I tumble down like withered crown flower leaves in rainy season,
chanting the name of one who appeared in battlefield victoriously;
Will he not send me a word of hope as time stretches before me!

கார்காலத் தெழுகின்ற கார்முகில்காள் வேங்கடத்துப்
போர்காலத் தெழுந்தருளிப் பொருதவனார் பேர்சொல்லி
நீர்காலத் தெருக்கிலம் பழவிலைபோல் வீழ்வேனை
வார்காலத் தொருநாள்தம் வாசகம்தந் தருளாரே!

This is a poem from Nachiyar Thirumozhi by Andal, dated to around 8th century. She is in love with Lord Vishnu, who resides in the Venkata hills (Tirupati). As monsoon clouds rise up, she complains to them. “I keep chanting his name, who appeared in the battlefield and emerged victorious. Constantly thinking of him, I am becoming weak and brittle. I fall down like the crown flower (எருக்கு) leaves that dry out in summer and at the first touch of rains fall down. Why does he not send me a message one of these days as I wait for him. His message would revive me”

Crown flower plant has a milky stem. During the hot summer, the milky liquid is completely dried out and the leaves fade. As soon as the rain drops fall on the plant, the leaves break and fall down. She says she is like those leaves, her soul is withering as he hasn’t appeared in front of her. At this stage, if rain drops fall on her, she will break down completely. If he sends a message to her, that will sustain her life.

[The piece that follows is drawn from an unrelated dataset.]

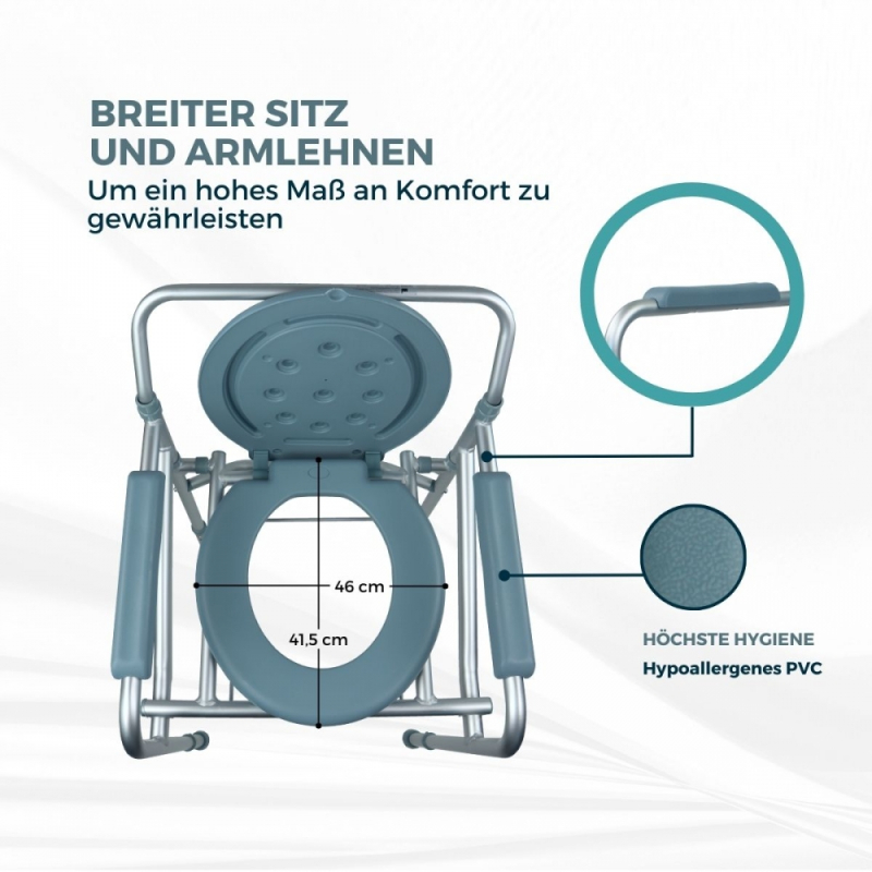 Der Toilettenstuhl des Modells Mar eignet sich perfekt für Menschen, die Schwierigkeiten beim Zugang zur Toilette haben, wie ältere Menschen oder Menschen mit Mobilitätsproblemen. Dank dieses Toilettenstuhls wird ihr Alltag einfacher, da er sie in so wichtigen Momenten wie dem Gang zur Toilette entlastet.

I was reminded of this poem after seeing a video of a leaf falling down in a pond. It is not a crown flower leaf, but the image triggered the memory of this beautiful poem.

Falling gracefully….

A post shared by Itchyfeetindian (@itchyfeetindian) on

கார்காலம் – monsoon
கார்முகில் – dark clouds
பொருதுதல் – fight
நீர்காலம் – rainy season
எருக்கு – crown flower
இலம் – without / poor
பழு – பழுத்த – faded
வார் – lengthen
வாசகம் – message

Naachiyar Thirumozhi – 508

Like the sacred offerings
made by priests to the deities
being trampled and smelled
by a fox roaming in the wild,
if any talk arises that my breasts
which rise in pleasure for the noble One
are to be possessed by a human,
I will cease to live, God of love.

வானிடை வாழுமவ் வானவர்க்கு
மறையவர் வேள்வியில் வகுத்தஅவி
கானிடைத் திரிவதோர் நரிபுகுந்து
கடப்பதும் மோப்பதும் செய்வதொப்ப
ஊனிடை யாழிசங் குத்தமர்க்கென்று
உன்னித் தெழுந்தவென் தடமுலைகள்
மானிட வர்க்கென்று பேச்சுப்படில்
வாழகில் லேன்கண்டாய் மன்மதனே.

Andal, who had decided to become one with Lord Vishnu dedicated her life to be with him. However she learned of her father trying to get her married. This poem is Andal throwing the gauntlet. “My body and life are meant for the Lord. If I ever hear you talk about getting me married to a mortal, that my body which is meant for the Lord is to be handled by a human being, I will give up my life. It will be like a wild fox smelling and trampling the sacred offering made to deities.”

The raw passion of this poem is a beauty to behold. She equates herself to the sacred offering made to God.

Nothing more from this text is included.